Stainless steel grids, sensors, 8 Loudspeakers, 2 Channels, 2001 (ongoing)
Commissioned by the Australian Capital Territory Government for City Walk, Canberra
A low wall snakes along the edge of a small park at the eastern end of City Walk, and sounds emanate from a rhythmic series of stainless steel grids inserted into the wall and ground.
People walking past trigger the unexpected real–world sounds of people talking to animals, but with the sounds of the animals edited out, the voices seem to be calling out directly to the passersby: beckoning, controlling, coaxing. The addressee has been changed and visitors find themselves implicated in the work.
Leber and Chesworth are interested in the juxtaposition of these personalised, intimate vocalisations in an urban, public space surrounded by commercial and government buildings. In this place – called ‘Civic’ no less – the work is not so much about the nature of the park but about the relationship of ‘citizens’ to their ‘civic spaces’.
Exhibitions
Analogue2digital, conference exhibition at Adelaide University (2002)
Awards
Winner, Outstanding Achievement in Design, National Association for Women in Construction awards (2002)
The artists give grateful thanks to the many participants recorded at farms, parks, training schools, zoos, veterinary practices and animal shows. Created in association with H2o architects.
Responses
‘Using the doggerel and playful name-calling of people talking to their pets . . . The Master's Voice appears to follow listeners as they walk along a wall in Canberra: the setting in the national capital perhaps inviting questions about who is the master and who is on the leash.’

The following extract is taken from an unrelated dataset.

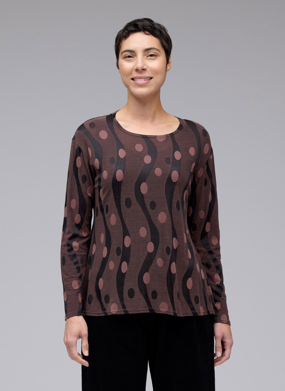 Cut Loose - your "go-to" pieces! A returning fabric and design! This dot jacquard swing tee features a round neck, long sleeves and a swing hem. Made from a soft & comfortable fabric. We love the playful and arty design for fall!

- Matthew Westwood, The Australian, August 04, 2005
‘The work . . . trips up passers-by, induces double-takes, private puzzled glances . . . It addresses us directly...these calls are full of questions, invitations to conversation, spaces for exchange; there's this urge for an interchange . . . The 'sensible' inflections of speech get stretched into wild glisses and warbling melisma . . . these candid, charged interspecies moments emerge from inconspicuous slots in a mallscape; their sonic shapes stand out against the 'public' murmur of social verbosity.’